Predicting Movie Ratings using Different ML Models and Model Evaluation Techniques

Primary LanguageJupyter Notebook

Movie-Review

Predicting Movie Ratings using Different ML Models and Model Evaluation Techniques

  1. Introduction Since last few decades movies have become one of the best sources of the entertainment. With the advancement of technology, the way the films are produced has also changed. Starting with black and white films in the 90’s to 4D films in today’s world there has been a lot of advancement in the Movie Industry. But even after years of experience, the producers after investing millions of dollars, they still live in stress thinking of whether their movies will we be successful at the box office or not. Therefore, the main aim for our project is to predict whether the film will be successful at the box office or not based on features given below: A) Number of critics for review - Film critic is a person who writes or publishes a review of a film from either an artistic or entertainment point of view. This predictor tells the number of critics who reviewed the film. B) Duration - In motion picture terminology, duration is the length of a feature film C) Director FB likes – The number of likes received by the profile or page of the director on Facebook. D) Actor FB likes - The number of likes received by the profile or page of the Actor on Facebook. E) Gross- Gross is the gross box office earnings of a movie in U.S. dollars F) Number of voted users – The people who watched the movie and voted on IMDb website for the movie G) Cast total FB likes - The total number of likes received by pages or profiles of each member of the film cast on Facebook. H) Face number in poster – The number of faces of the actors displayed in the film poster I) Number of users for review – The number of people who provided the review of the film.
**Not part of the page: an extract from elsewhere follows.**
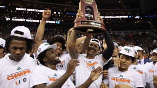 2023-24 NATIONAL PREDICTIONSThe most interesting teamJohn Gasaway: In ways both good and potentially worrying, North Carolina is the pick here. In two seasons under Hubert Davis, the Tar Heels have carried a 15-point lead into halftime at the national championship game one year and missed the tournament entirely the next. What's the true "new normal" for one of the game's most storied programs? Joe Lunardi: Tennessee belongs in the best-golfer-never-to-win-a-major category. The Vols might be the biggest athletic department never to reach a Final Four. In men's basketball that is. Rick Barnes has been consistently excellent since arriving in Knoxville, but unable to get past the Sweet 16, despite multiple top 10 teams on KenPom. This could (should?) be the year that changes. Jeff Borzello: I'll go with FAU. The Owls are ranked in the preseason top 10 after making a run to the Final Four last season and bringing back all five starters. They're also a team that earned a 9-seed and was seconds away from losing in the first round to Memphis. Do they carry over the momentum? Or do they struggle with a target on their backs in a tougher league (moving from Conference USA to the AAC)? Myron Medcalf: It has to be the team in Lexington led by the guy with a national championship ring and a $33 million buyout. The relationship between John Calipari and Kentucky will be one of the biggest stories in college basketball this season. With the return of Antonio Reeves and a top-ranked recruiting class, he has the players to win big. But it has also been nearly a decade since he reached the Final Four. Kentucky will be this year's Netflix drama either way.  The mystery team that will either be a bracket disruptor or a tournament disasterGasaway: Can we just pencil in Miami here every season? Last year, the Hurricanes closed the regular season with two games at home in which they lost to Florida State and barely beat Pitt. Then Jim Larrañaga's group went to the Final Four as a No. 5 seed. Now pollsters have UM at No. 13, but laptops are warning us to stay far away from this team. Mysterious! Borzello: I have zero idea what to think about UCLA. On the one hand, the Bruins have Mick Cronin, a couple of potential one-and-done freshmen and they bring back Adem Bona on the interior. But there's hardly any other returning production on the roster, and their best freshmen are coming from overseas, so they will need time to adapt. They could fall anywhere from a second weekend team or barely make the tournament, and I wouldn't be surprised. Medcalf: This honor belongs to the Maryland Terrapins. With the return of Jahmir Young, Julian Reese and Donta Scott and the addition of a strong recruiting class, Big Ten title contention and a second weekend run both seem possible for the Terps. But, this program has started 1-3 or worse in Big Ten play for the past three years and hasn't been to the Sweet 16 since 2016. Kevin Willard could change all of that this season, but I'll have to see it to believe it. Lunardi: Let's make it a mystery conference, perhaps even one you've heard of. The Big Ten has collected a whopping 26 NCAA tournament bids the past three years and produced exactly Z-E-R-O teams in the Final Four. That should be impossible, considering 10 of those 26 were top-four seeds in their region. I call that disruption quite disastrous.  The first top 25 team to exit the NCAA tournamentMedcalf: I'll pick UConn. Why? Recent champs have had rough outings the year after their title runs (or two years later, in Virginia's case, since we didn't have a 2020 national championship). Duke's 2015-16 squad was the last national champion to reach the second weekend in the next NCAA tournament. How wild is that? The Huskies could get caught in a similar title hangover. Lunardi: Gonzaga hasn't lost a first-round NCAA tournament game in 15 years, since a guy named Stephen Curry knocked the Bulldogs out. Mark Few is 14-0 in tourney openers since then and 20-3 overall during the Zags' incredible run. Bracketology loves the Zags, but even the best dealers bust occasionally. Gasaway: It's not just UNC last year. History suggests making the preseason top 25 is no guarantee of reaching the tournament. Can we really be certain that, for example, Florida Atlantic will hear its name called next March? The Owls may pick up more losses (four or five?) in this year's new-look American than they did in last year's Conference USA (two). Borzello: I don't want to take the easy way out and just pick No. 25 Illinois. So, going out on more of a limb, I'll go with Texas. The Longhorns' success this season will come down to Max Abmas. Arguably the nation's best scorer over the past three seasons, how will his production translate to the Big 12? If he's not putting up huge scoring numbers, I question how dynamic this team will be offensively.  A non-Power 5 school we'll all be rooting forMedcalf: It has to be Florida Atlantic, right? It is the anti-transfer portal team. All of those talented players had opportunities to play for other schools after their Final Four run but instead returned to Boca Raton to chase a national championship. I remember the way the world latched onto Butler a year after Gordon Hayward's shot clanked off the rim in the national title game against Duke. I think the Owls could enjoy similar fanfare, even though they're in a league that's in a higher tier. Borzello: Finally, Merrimack is eligible for the NCAA tournament. The Warriors haven't been allowed to go dancing since they were in the midst of their mandatory four-year transition from Division II to Division I, but look at what Joe Gallo has done in those four years: NEC regular-season titles in 2020 and 2023, NEC conference tournament title in 2023. It would be fitting if they get to the NCAA tournament in their first eligible season. Gasaway: Move over, Syracuse. There's a new game in town, literally. Le Moyne is also located in Syracuse, New York, and this marks 
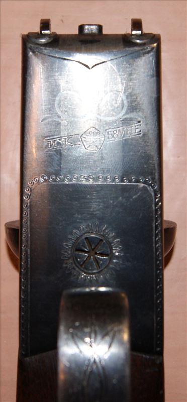 Насколько я знаю, на штучных ружьях времен СССР гравировка (всечка) серебром присутствовала в обязательном порядке. Вот колодка штучного иж-58.

J) The budget of a movie refers to the amount of money spent on the production of the film K) Aspect ratio - Aspect ratio refers to how the image appears on the screen based on how it was shot–the ratio of width (horizontal or top) to height (vertical or side) of a film frame, image, or screen. L) Movie FB likes - The number of likes received by the page of the Film on Facebook. Based on these features, we want to predict the IMDB scores of new movies to be produced. This model will help the directors to get idea of whether the films they are making will be successful or not and what they can include in the films in order to increase their profits from the movies and help the Movie Industry.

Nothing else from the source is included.